A database was constructed based on published data available for the studies incorporated in the meta-regression. We extracted only risk estimates reported for cumulative exposure to benzene (expressed in ppm-years or ppm-months). The database contained the following fields: study identifier, study design, exposure category, risk estimate, confidence interval for the risk estimate, and number of cases and controls for each exposure category (nested case–control studies) or the size of the study population for the exposure category (cohort studies). Three different epidemiologic study designs contributed to the current meta-regression: the nested case–control design (n = 3), the cohort design with an internal reference population (n = 1), and the cohort design with an external reference population (n = 5; Table 1). Reported odds ratios (ORs), relative risks (RRs), and standardized mortality ratios (SMRs) were combined and interpreted as estimates of the RR for the purpose of this meta-regression (McElvenny et al. 2004). The studies selected for the meta-regression were also different with regard to the definition of the reference population that was used. The cohort studies assumed “background (environmental) exposure” in their reference populations (Bloemen et al. 2004; Costantini et al. 2003; Hayes et al. 1997; Rinsky et al. 2002; Swaen et al. 2005; Wong 1987). Typical daily environmental exposure to benzene can range up to 0.2 ppm, which, over a 70-year life span, accumulates to a maximum of 14 ppm-years of cumulative exposure (Johnson et al. 2007). In the nested case–control studies, individuals in the lowest exposure category were used as the reference population (ranging from < 0.17 ppm-years to < 1 ppm-years occupational exposure) (Glass et al. 2003; Rushton and Romaniuk 1997; Schnatter et al. 1996).
Three steps were necessary to prepare the extracted data for use in the meta-regression models. In the first step, we assigned a specific cumulative exposure estimate to each risk estimate. It is common practice to report only the boundaries of the exposure categories used in an exposure–response analysis, and this was the case for all included studies except the Swaen study, which reported an average mean exposure (Greenland and Longnecker 1992; Swaen et al. 2005). To estimate the mean exposure for the assigned exposure categories, we assumed a log-normal distribution for the cumulative exposure for each study. Any data providing information on the exposure distribution within a study were collected from the publication (i.e., the number of person-years per exposure category, the number of controls per exposure category, or the number of expected cases per exposure category). Maximum likelihood estimation was used to fit a probability density function (PDF) to the available data. Using the PDF, we assigned an average cumulative exposure to each exposure category based on its respective boundaries. To avoid unreasonably high estimates of the average exposure in the highest exposure group, we truncated the exposure distribution at the maximum reported cumulative exposure level. This method of assigning specific cumulative exposures is similar to the approach that was proposed by Hartemink et al. (2006).

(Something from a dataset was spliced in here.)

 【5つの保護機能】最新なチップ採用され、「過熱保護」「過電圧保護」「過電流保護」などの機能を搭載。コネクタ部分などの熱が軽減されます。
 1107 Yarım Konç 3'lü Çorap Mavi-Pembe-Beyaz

In the second step, we estimated the variance of each specific risk estimate to allow weighting based on the precision of the risk estimates in the meta-regression (DerSimonian and Laird 1986). The variance of RRs and ORs was estimated using the reported confidence intervals following a method discussed by Rothman et al. (1982). Estimated variances for studies that reported asymmetrical confidence intervals on the log scale were based on the upper confidence limit only (Boice and McLaughlin 2001; Wartenberg et al. 2000).

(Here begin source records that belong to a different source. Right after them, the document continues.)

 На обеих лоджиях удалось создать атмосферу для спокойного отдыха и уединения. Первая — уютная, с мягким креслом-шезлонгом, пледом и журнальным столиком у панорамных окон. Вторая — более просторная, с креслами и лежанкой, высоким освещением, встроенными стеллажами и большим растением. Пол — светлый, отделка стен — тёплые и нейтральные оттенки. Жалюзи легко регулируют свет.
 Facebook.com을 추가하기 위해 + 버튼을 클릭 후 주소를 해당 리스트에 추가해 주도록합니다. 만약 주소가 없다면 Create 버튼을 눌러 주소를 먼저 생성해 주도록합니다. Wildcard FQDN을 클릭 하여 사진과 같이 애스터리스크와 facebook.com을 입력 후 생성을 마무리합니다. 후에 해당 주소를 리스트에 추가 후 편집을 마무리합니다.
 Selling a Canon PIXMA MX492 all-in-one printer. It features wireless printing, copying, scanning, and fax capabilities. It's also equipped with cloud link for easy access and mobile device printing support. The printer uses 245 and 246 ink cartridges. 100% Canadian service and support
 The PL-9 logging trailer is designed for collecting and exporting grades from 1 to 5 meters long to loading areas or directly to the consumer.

In the third step, we estimated the covariance between the different risk estimates within a study by applying the approach advocated by Shi and Copas (2004). This approach is necessary because risk estimates of a study based on a common internal reference group will be correlated. Ignoring this correlation in the meta-regression underestimates the variance of the risk estimates from the study that results in an overestimation of its weight (Bagnardi et al. 2004; Greenland and Longnecker 1992). The Canada-Petrol study (Schnatter et al. 1996) lacked the information necessary to estimate the covariance matrix; therefore, uncorrected variances were used for this study. For studies that reported SMRs, we did not estimate covariance because SMRs within a single study can be assumed to be largely independent when the expected number of deaths used to calculate the SMRs is based on a sufficiently large population.

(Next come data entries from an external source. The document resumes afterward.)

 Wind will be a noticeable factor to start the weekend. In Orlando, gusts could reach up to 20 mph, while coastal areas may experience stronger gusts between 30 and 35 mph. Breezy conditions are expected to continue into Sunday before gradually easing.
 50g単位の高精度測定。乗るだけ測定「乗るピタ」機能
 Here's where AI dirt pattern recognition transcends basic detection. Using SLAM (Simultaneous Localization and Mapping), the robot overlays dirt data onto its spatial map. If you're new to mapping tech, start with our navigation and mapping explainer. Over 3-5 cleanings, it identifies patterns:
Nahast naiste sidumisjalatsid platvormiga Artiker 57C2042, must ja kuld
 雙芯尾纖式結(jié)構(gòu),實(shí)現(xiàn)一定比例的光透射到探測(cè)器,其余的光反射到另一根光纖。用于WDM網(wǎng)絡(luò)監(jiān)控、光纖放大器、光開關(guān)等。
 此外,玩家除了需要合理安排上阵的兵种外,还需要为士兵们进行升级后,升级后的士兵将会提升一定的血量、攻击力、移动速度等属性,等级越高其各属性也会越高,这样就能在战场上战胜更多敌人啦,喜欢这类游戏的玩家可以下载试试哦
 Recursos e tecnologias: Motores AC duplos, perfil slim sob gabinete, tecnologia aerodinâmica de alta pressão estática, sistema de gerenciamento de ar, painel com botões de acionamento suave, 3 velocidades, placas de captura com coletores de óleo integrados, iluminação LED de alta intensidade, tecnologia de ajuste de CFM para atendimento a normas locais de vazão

Natural spline models (with knots at the 20th, 50th, and 80th percentiles) as well as linear models were fitted to the data to investigate the shape of the exposure–response relation. To improve the statistical properties of the regression models, we fitted all models to the natural logarithm of the reported risk estimates (Berlin et al. 1993). Regression models were fitted to the data using a modified version of a macro developed by Bagnardi et al. (2004). All regression models allowed for (random) study-specific intercepts and exposure effects to accommodate potential between-study heterogeneity (DerSimonian and Laird 1986). Model deviance was used to compare goodness of fit between (nested) models.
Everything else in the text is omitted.